## TASK DESCRIPTION
What you return should be the lines from the one with "Norwalk 1883 cds" through the one with "4月13日,学院副院长詹黔江" in the data below, reproduced exactly with both ends, and no pictures at all.

Recorded data
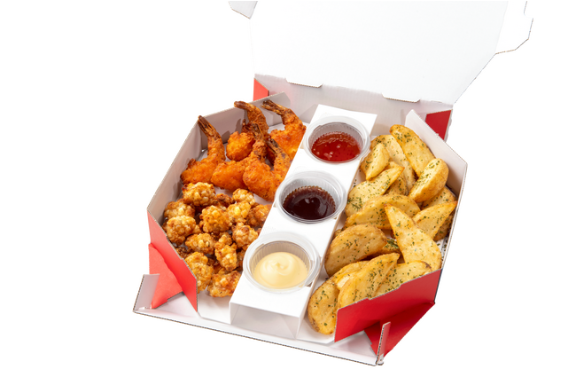サクサクチキン、サクサクエビ、ポテトフライの3種類のサイドメニューを、スイートチリソース、BBQソース、マヨソースの3種類のドミノ・ピザオリジナルディップソースで味わえる夏らしさ満点の新商品です。家族や仲間とそれぞれのお好みと気分に合わせて、お好きなサイドメニューにお好みのソースをディップする楽しさがワンボックスでお楽しみいただける、パーティーにもぴったりな商品です。
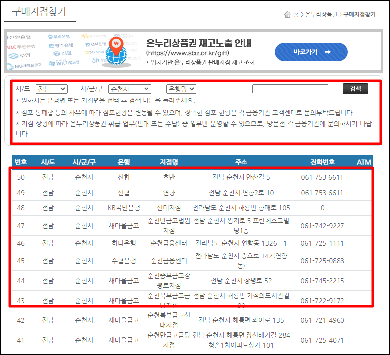 (오)구매지점 찾는 방법도 간단합니다. 아래의 링크를 클릭하여 해당 화면으로 이동 후 거주 중인 시를 선택 후 군/구 선택을 해주고 검색을 누르시면 아래에 은행과 지점명, 주소, 전화번호가 나옵니다. 만약 발급 문의를 하시고 싶다고 하시면 표에 나와있는 전화번호로 직접 통화를 하여 궁금증을 해소하실 수도 있겠습니다.
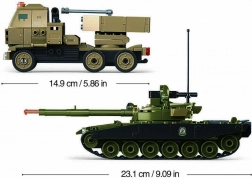 La lunghezza del carro armato è di 23,1 cm e dei veicoli 14,9 cm. Il set è progettato in modo intuitivo e il montaggio semplice supporta l'indipendenza dei bambini. Le dimensioni della confezione sono 47,5x33x6,7 cm, rendendolo un regalo occasionale che cattura con il suo design accattivante.
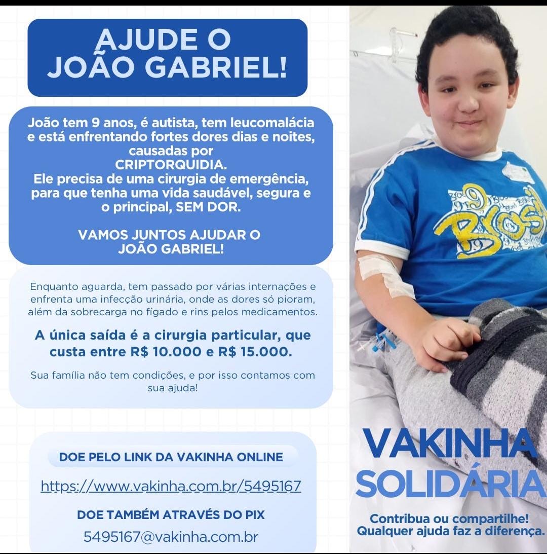 A campanha destaca a urgência do procedimento para garantir uma vida saudável e sem dor para João Gabriel. Cada contribuição pode fazer a diferença nessa corrida contra o tempo.
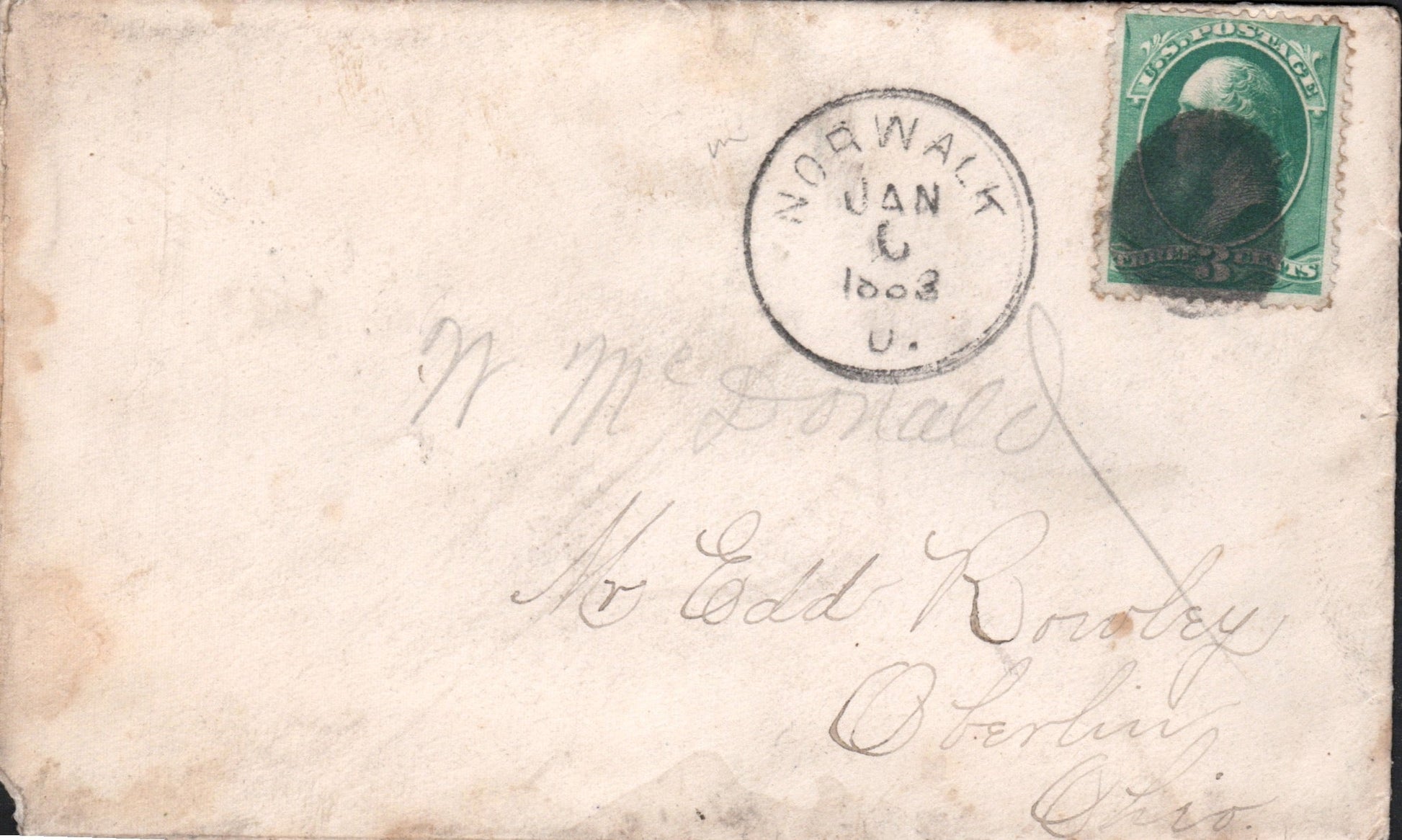 Norwalk 1883 cds & cork killer on cover with original contents.
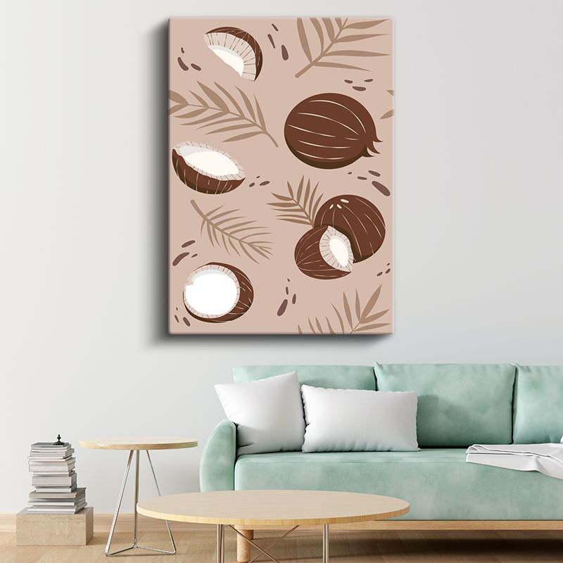 Tropikal Harmoni - Hindistan Cevizi ve Yapraklar Kanvas Tablo
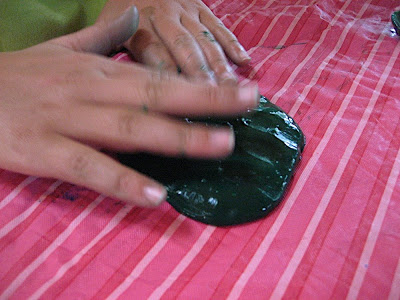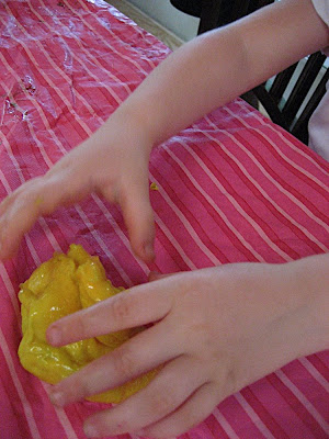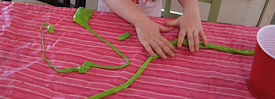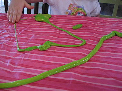 At her suggestion, we combined it with some white glue and made this wonderful, smooth, shiny, slimy, icky, bizarre goop!
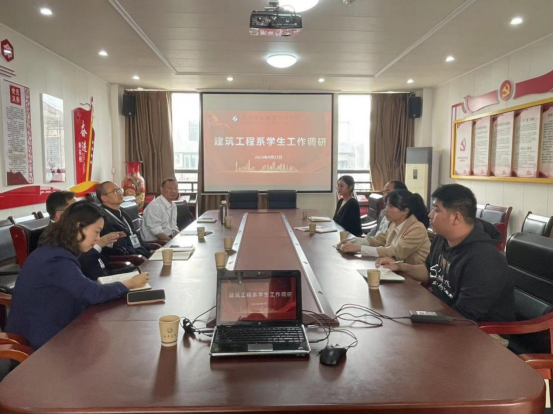 4月13日,学院副院长詹黔江带队到建工系调研学生工作,了解当前工作中存在的问题和困难。学生工作处处长徐鋆晟陪同调研。
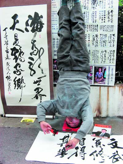 而張老練習(xí)倒立書法純粹是機(jī)緣巧合。2002年的一天,他從報(bào)紙上了解到有人可以俯臥著寫書法,于是便想自己既然可以倒立,能不能倒立著寫書法呢?有了想法就開始行動(dòng),起初,張老練倒立寫字只能堅(jiān)持幾分鐘,經(jīng)過一番苦練,現(xiàn)在張老已經(jīng)能夠堅(jiān)持20分鐘左右,一口氣能寫3幅總共100字的作品。
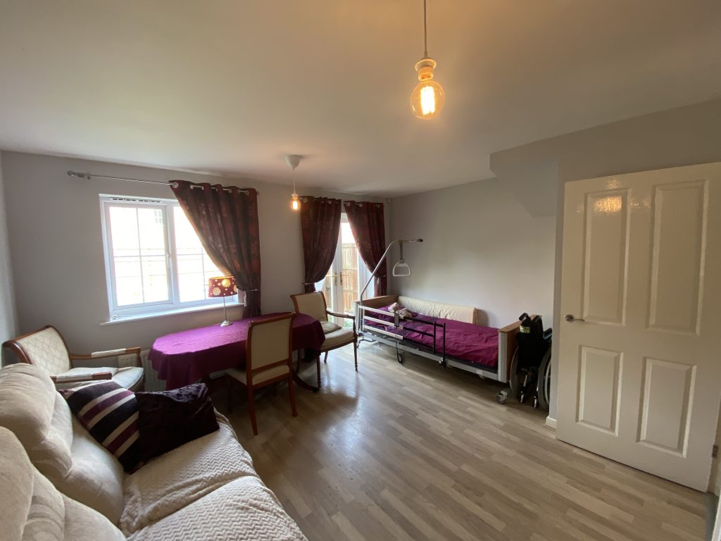 With thermostatically controlled radiator, laminate flooring, ceiling light point, telephone point, power points and stairs to first floor landing.
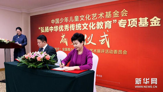 12月8日,中国少年儿童文化艺术基金会“弘扬中华优秀传统文化教育”专项基金成立仪式在北京举行。
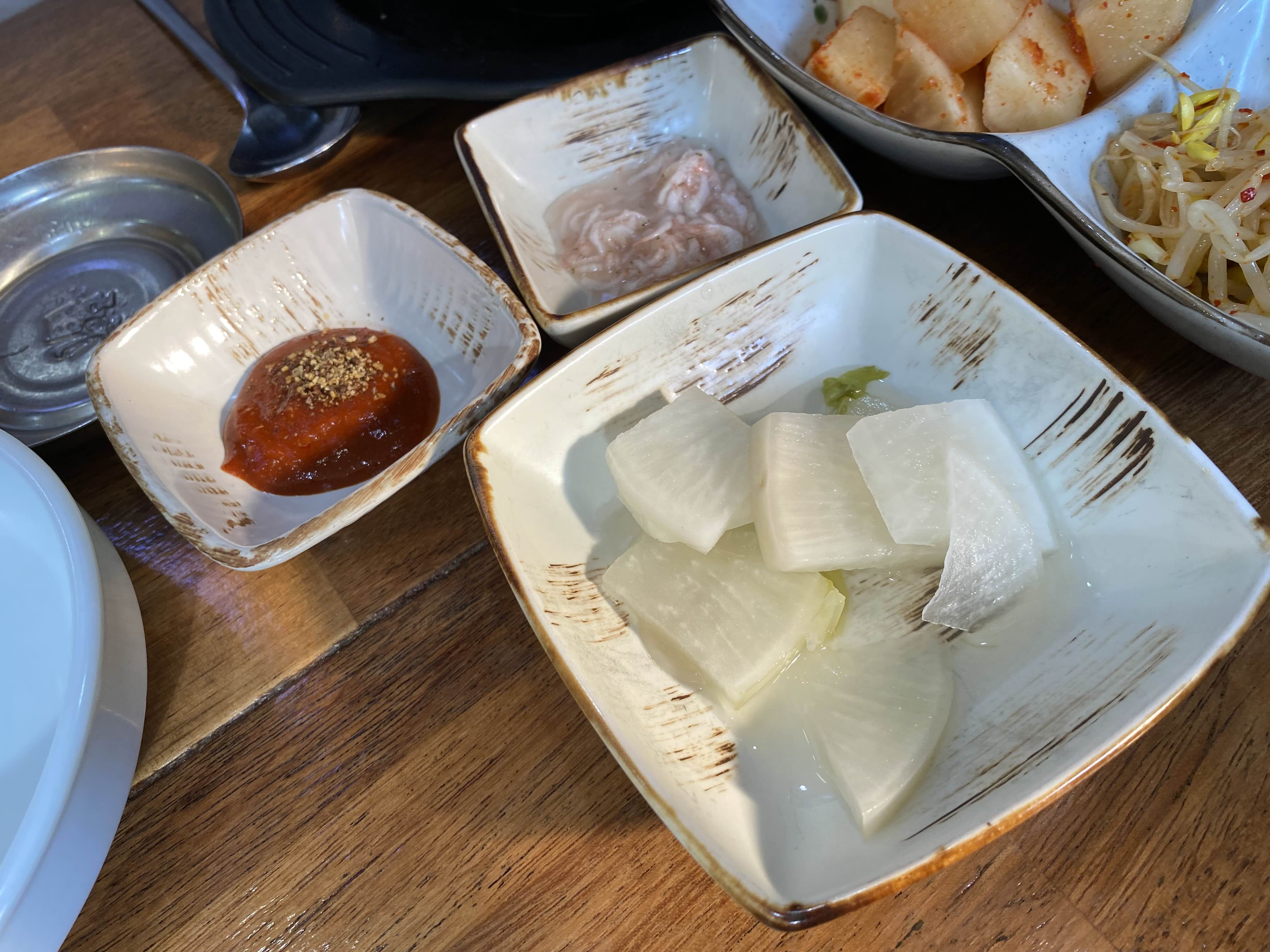 양념장, 새우젓, 무김치 세트.

## SOLUTION TO THE EXERCISE
 Norwalk 1883 cds & cork killer on cover with original contents.
 Tropikal Harmoni - Hindistan Cevizi ve Yapraklar Kanvas Tablo
 At her suggestion, we combined it with some white glue and made this wonderful, smooth, shiny, slimy, icky, bizarre goop!
 4月13日,学院副院长詹黔江带队到建工系调研学生工作,了解当前工作中存在的问题和困难。学生工作处处长徐鋆晟陪同调研。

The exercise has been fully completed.